International Day of Democracy: the Ongoing Human Rights Violations Against Palestinians

This year, the International Day of Democracy comes in light of the spread of the COVID-19 pandemic, constituting a challenge for the world. However, Palestinians encounter other challenges besides COVID-19, such as repressive practices and violations of their collective and individual rights.

Written by: Rana Khalil

The UN General Assembly decided on the 8th of November, 2007 to make September 15th the annual date to observe the International Day of Democracy. The Assembly invited people and organizations, both government and non-government, to commemorate the International Day of Democracy. It also called for all governments to strengthen their national programs devoted to promoting and consolidating democracy. The Assembly encouraged regional and other intergovernmental organizations to share their experiences in promoting democracy.

This year, the International Day of Democracy comes in light of the spread of the COVID-19 pandemic, constituting a challenge for the world. However, Palestinians encounter other challenges besides COVID-19, such as repressive practices and violations of their collective and individual rights. International laws and legislation along with the Universal Declaration of Human Rights guarantee Palestinians the right to peaceful assembly and association, the right to participate in public affairs, the right to equal protection of the law without discrimination, and the right to life, liberty and personal security.

This year’s course for Palestinians was marked by numerous issues which caused the situation to become more complicated, at both the international and local levels, including: the decline in the status of the Palestinian issue on the list of world priorities, the so-called “deal of the century” and the loss of allies from the Arab world. The local issues included: the continuation of the division due to the failure of national reconciliation, the Palestinian political rivalry, which was manifested by the suppression of peaceful assemblies, both in the West Bank and the Gaza Strip, the closure of websites, which is a flagrant violation of the freedom of opinion and expression guaranteed by the Palestinian Basic Law, the increase of murders against vulnerable groups, especially women, political arrests, the decline of spaces for civic participation for youth and the continued disruption of political participation.

The democratic process has been stalled after the 2006 elections, and the Palestinian Legislative Council has been suspended after the political division in 2007.  Therefore, this led to the decline of many social values, the loss of Palestinian human rights and the occurrence of numerous violations and violence, especially violence against women.

Moreover, youth remain excluded from political participation, especially in leadership positions of Palestinian factions and organizations.  There is also a clear marginalization of young men and young women in political parties, which contributed to the reluctance of young people to participate in public affairs.

As for the Israeli occupation, it practices various types of violations against Palestinian citizens and violates all international covenants and treaties, which guarantee the right to life and freedom. Palestinians are also deprived of exercising his/her right to choose representatives and from holding elections in occupied Jerusalem.

What is required now, more than ever, is to restore the people’s will to choose their representatives through fair legislative and presidential elections, with the participation of all Palestinians, according to the provisions of the Palestinian Basic Law. It is also necessary to consolidate democracy within parties in order to enable youth to reach representative and decision-making levels and formulate public policies.

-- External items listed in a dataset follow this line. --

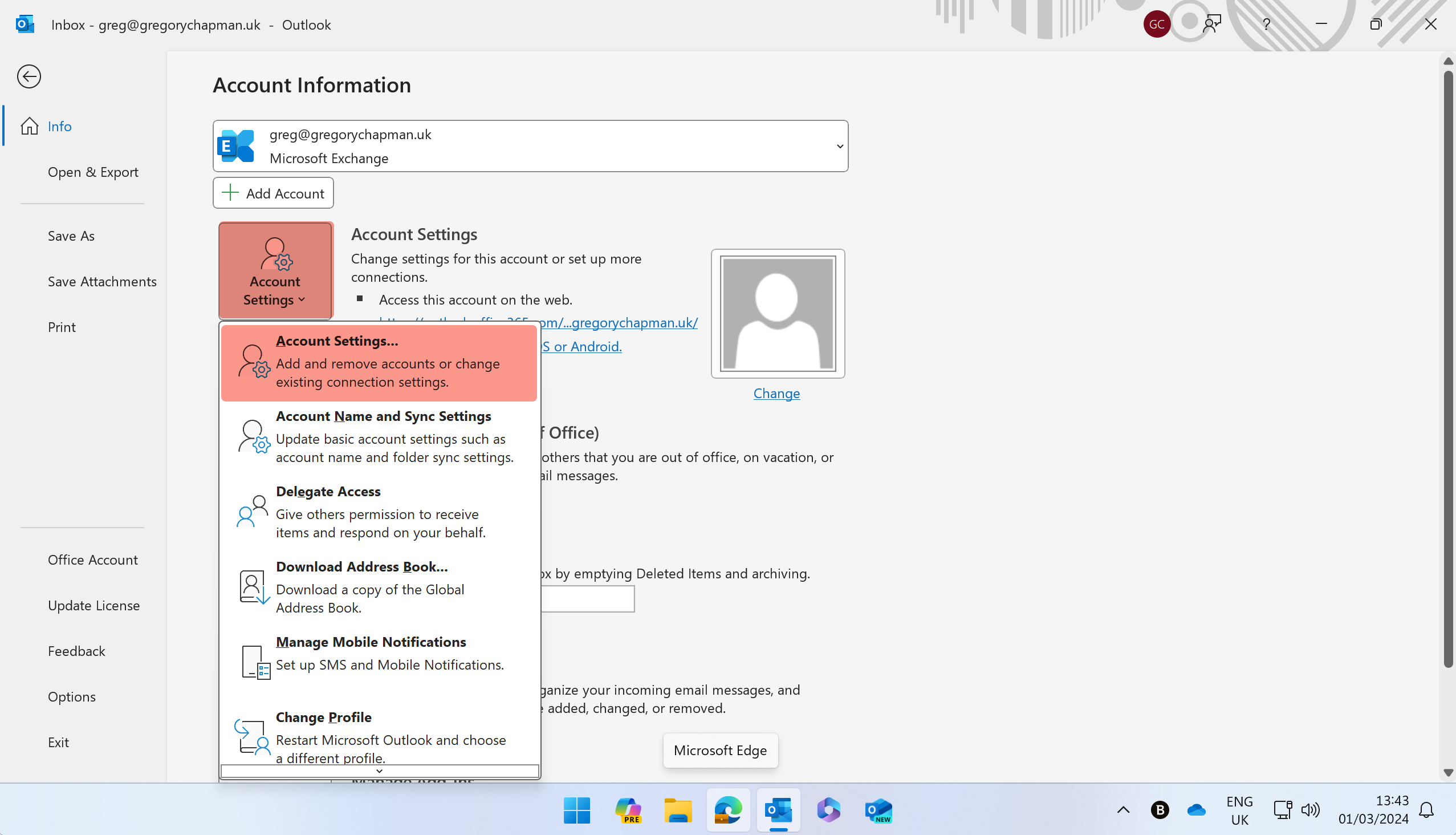 - Click on File, then select ‘Account Settings’, and then ‘Account Settings’.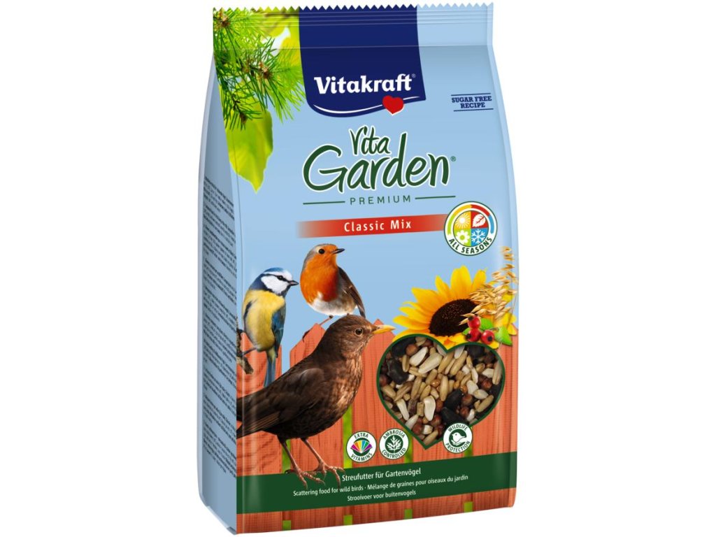 Ptačí zob Vita Garden je cenným doplňkem k přírodní nabídce krmení. Classic Mix obsahuje mj. lahodná semínka šípků, výživný oves a křupavá slunečnicová semínka a dodává veškerému zahradnímu ptactvu životně důležité živiny a nezbytné vitamíny. Pro trochu rozmanitosti při hledání potravy!
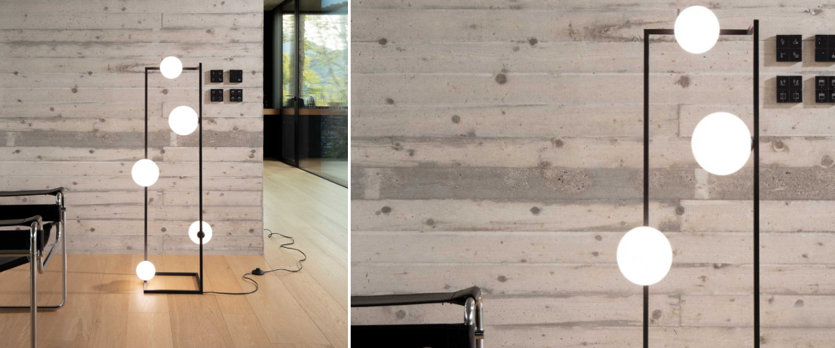 TheANGOLO designer floor lamp will become a new work of art in your interior. This unconventional and bold light truly breaks all conventions! The design rises from a square-shaped metal base. The light's upward-turning frame is also metal and painted black or in a satin brass finish. The frame is flanked by four milky coloured round blown glass diffusers in different sizes. Banish boredom with the unconventional ANGOLO ceiling light! We offer an extended five-year warranty on the product.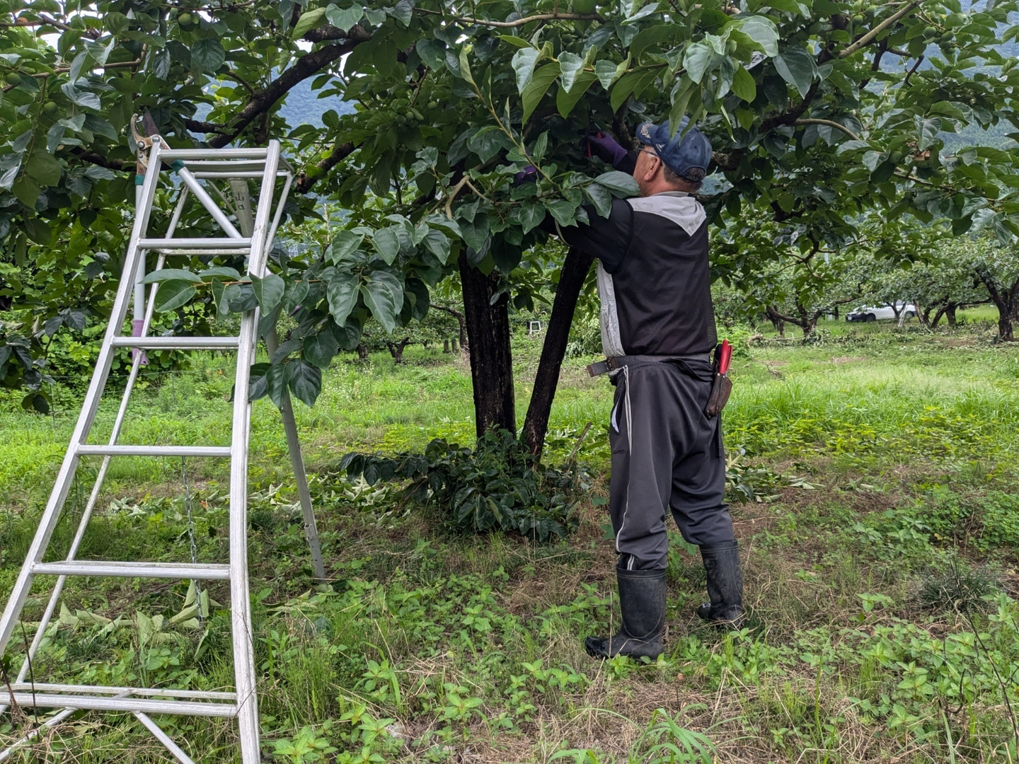 群馬県では旧勢多群東村(現みどり市)が昭和60年に、「東村柿の里づくり」を目指して地域特産試験ほ場の整備や苗木を配布し、東柿生産組合での柿づくりが本格化しました。そして現在も柿生産の安定化に取り組み、総員18名で上質な柿をつくるため剪定、摘果、草刈りなど手間暇かけて育てています。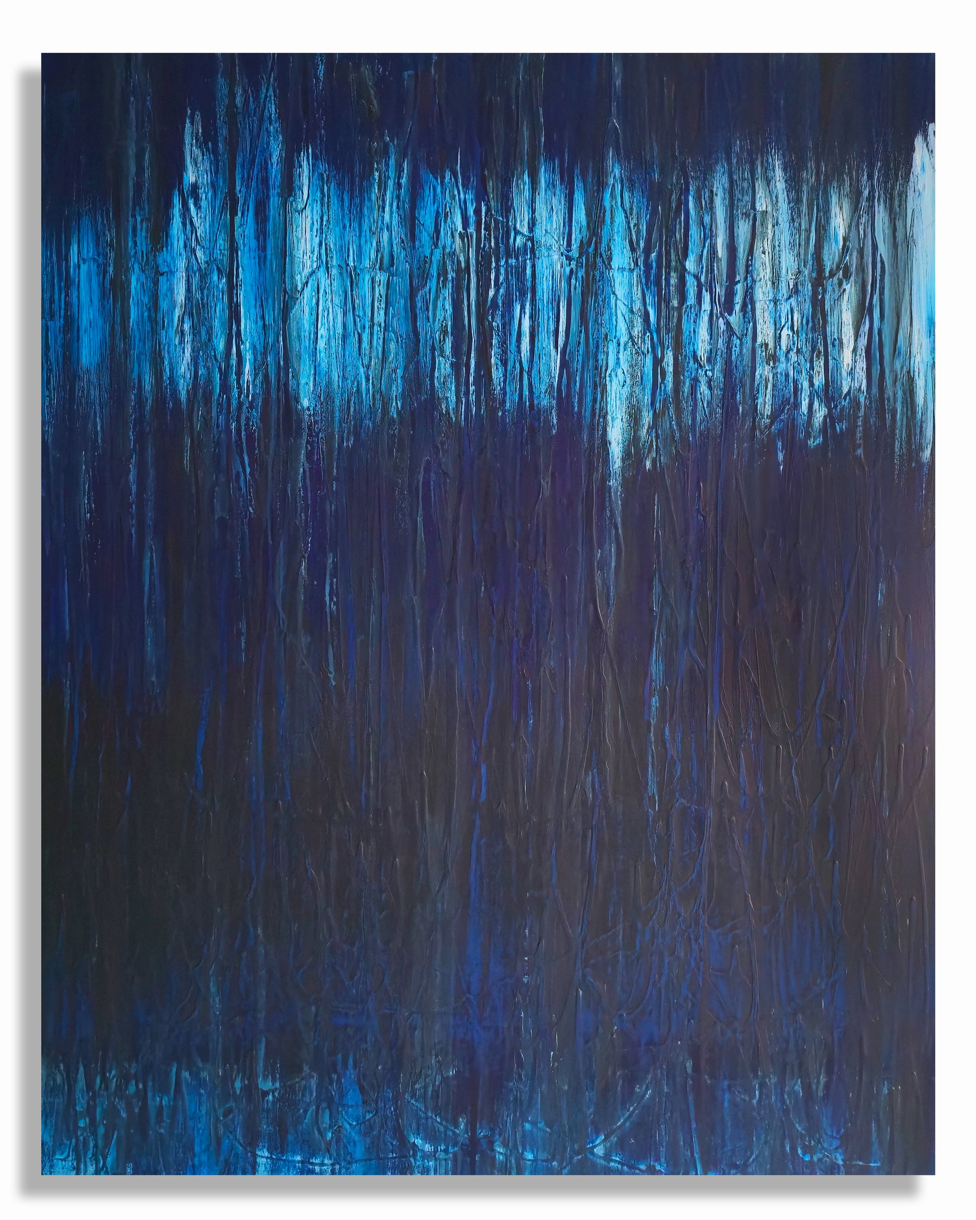 The composition visualizes Ulysses' emotional state as a battle between an overwhelming abyss and a defiant light. The heavy, textured darkness that dominates the canvas represents the crushing weight of his grief and two decades of suffering at sea. Cutting through this gloom is a brilliant blue horizon, the fierce and unwavering memory of Ithaca that serves as the sole beacon for his mind. The scarred, vertical striations evoke his weathered soul, constantly struggling against being pulled down by sorrow. Ultimately, the piece captures a consciousness where a single, stubborn hope is all that keeps the darkness from consuming him entirely.

Moreover, the United Nations stressed the need for this year’s International Day of Democracy to be a reminder that democracy is linked to people, for it is built on inclusiveness, equal treatment and participation. Therefore, it is a fundamental building block for peace, sustainable development and human rights. The International Day of Democracy does not have to be a celebratory occasion, but rather it must be the start towards democratic transformation and the preservation of human rights for the marginalized and distressed.

The opinions expressed in this article are the views of the author and not necessarily the opinion of the Association or donor.